The suspect who still lives in Dublin has remained under surveillance as part of a Garda operation which has been monitoring the activities of a small group - possibly less than 30 - who are seen as having extreme Islamic views and sympathetic to al-Qaeda and Osama bin Laden.

Gardaí believe the group set up a base here because of the low level of security surveillance of foreign nationals.

Some members of this group have been here for over a decade and are now naturalised citizens. It would be difficult under Irish law to extradite a citizen on conspiracy charges and almost impossible under existing law to extradite someone on suspicion alone.

The man at the centre of the post-September 11th Garda operation when the travel documents were found was arrested recently under suspicion of trying to use a false credit card in Dublin.
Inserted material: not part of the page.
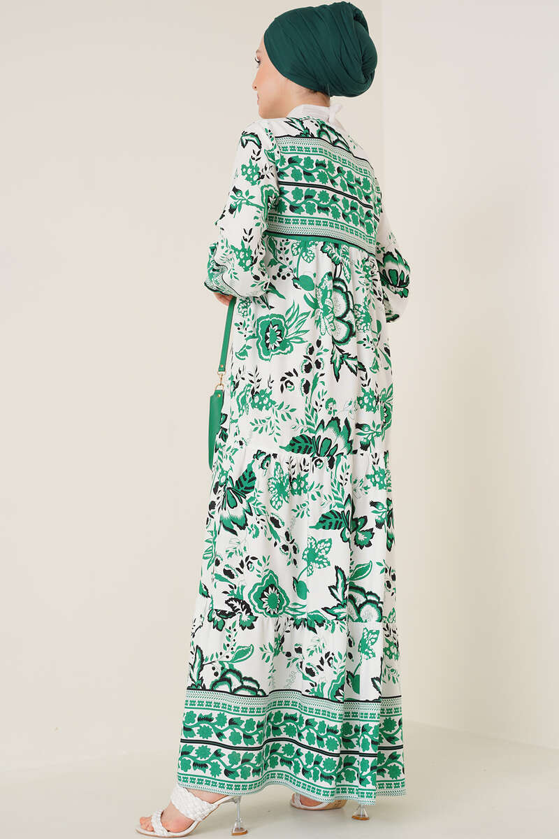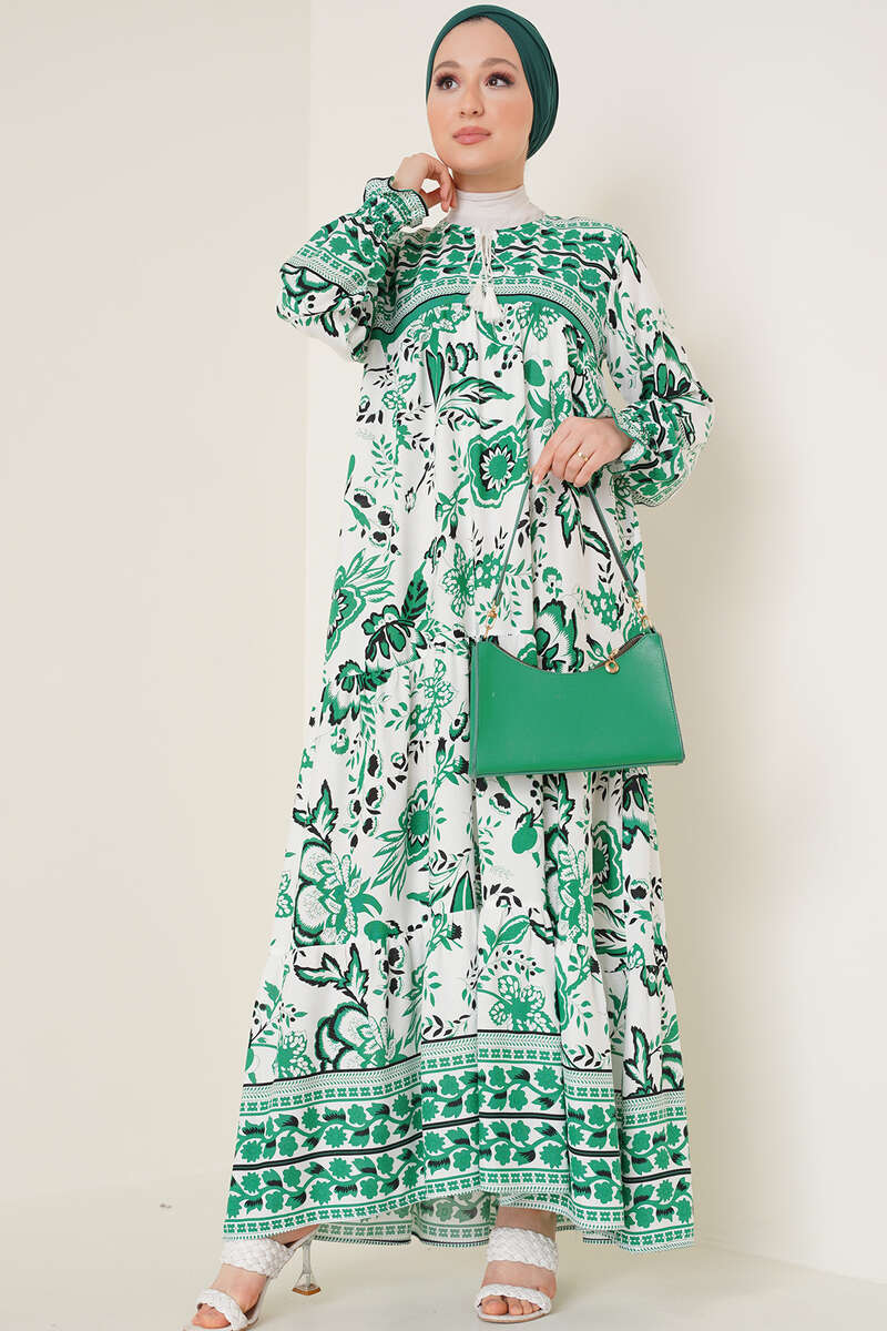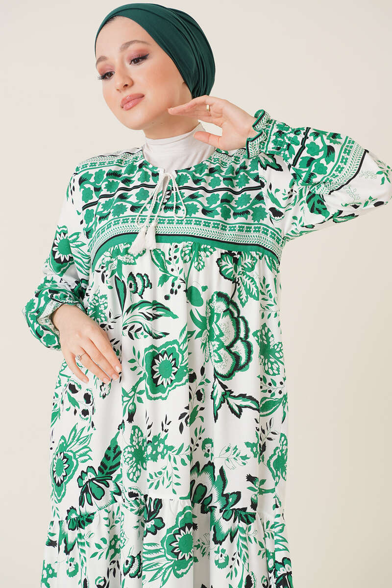 Yeni sezon elbisemiz etnik çiçek desenleriyle günlük hayatınızı ışıldatacak. Yakası püsküllü ip bağlamalı olan elbisemizin bilekleri gipelidir. Sportif şıklığı ve rahatlığı size sunan elbisemiz sezonun favorileri arasındadır.

He was detained briefly and then released.

The close associate of this man who disappeared from his home in Ballinteer, Co Dublin, in July last year was named in an FBI indictment of four men arrested for their role in a conspiracy to plant a large bomb in Los Angeles or Seattle during the millennium year.

One of the figures at the centre of the subsequent trials in the US shared a flat in Vancouver with the suspected al-Qaeda man who left Dublin last year.

During their investigations into the failed millennium attack, the FBI sent investigators to Dublin in October 2000, and gardaí arrested the suspect and a number of other men. They were released, however, when it was determined there were no grounds to hold them.